The Payment Card Industry Data Security Standard (PCI DSS) is a written standard that produces major card brands and is maintained by the Payment Card Industry Security Standards Council (PCI SSC).
For every e-commerce merchant who accepts credit or debit card payments on their website, PCI DSS compliance is mandatory. All information entered by customers is sensitive data, so it must be well-protected.
“While PCI is not a DSS compliance law, that doesn’t mean it’s not a big deal to go beyond compliance,” said Square, a mobile payment vendor. “In fact, the 2015 Verizon data breach report found that nearly 1,000,000 data breaches have occurred this year [2012] so it’s more important than ever to keep your payment processing life cycle secure.”
And importantly, PCI DSS consent is also required for sites that outsource their card processing to third parties (such as PayPal, Stripe, Square, etc.). Not only can e-commerce websites touch cards in the online process, but there are also many other ways that merchants can be deceitful. Let’s take a look at a few things here.
PCI DSS compliance applies to any organization, regardless of size or quantity, regardless of any merchant receipt, transmission or store data, all merchants will drop to one of four merchant levels within 12 months based on the number of visa transactions. The amount of transactions is based on the total number of visa transactions (including credit, debit and prepaid) from Merchant Doing Business (‘DBA’). In both cases the merchant corporation has multiple DBAs, the total amount of transactions stored, processed or transmitted by the corporate entity should be considered to determine the level of validity of the visa holders. If the data is not aggregated, such as corporate entities do not store, process, or transmit cardholder data on behalf of multiple DBAs, recipients will continue to consider the number of individual DBA transactions to determine the level of validity.
Consent level
Merchant levels as determined by the visa
Level 1. Any merchant – regardless of acceptance channel – processes 6M visa transactions every year. Any merchant visa determines at its own discretion that the requirements of the Level 1 merchant must be met in order to minimize the risks of the visa system.
Level 2. Any merchant – regardless of the acceptance channel – is processing 1M to 6M Visa transactions every year.

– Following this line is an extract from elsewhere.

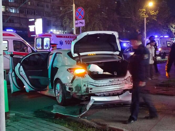 According to them, the crash took place at the intersection of Abdrakhmanov and Bokonbaev streets. Preliminary information suggests that one of the vehicles was moving at high speed, while another car attempted to pass through the intersection on a flashing green light. As a result, the two cars collided. The impact threw one of the vehicles to the side. The force of the collision was so strong that the car destroyed a traffic light and a lamppost.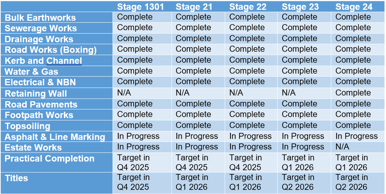We finally received approval from Melb Water in late May and commenced construction of the culvert and associated creek works on 23 June 2025. This delay in Melb Water approval means settlements for stages 21 - 22 will occur in Q1 2026, and stages 23 - 24 will be in Q2 2026.

Level 3. Any merchant processes 20,000 to 1M Visa e-commerce transactions per year.
Level 4. Any merchant processes 20,000 visa e-commerce transactions per year and regardless of the accepted acceptance channel – other merchants process visa transactions up to 1M per year.
It is estimated that more than 76% of all global e-commerce merchants who fall into Level 4 reporting do not meet their mandatory requirements. It seems to be more of a lack of knowledge than a problem that can be avoided.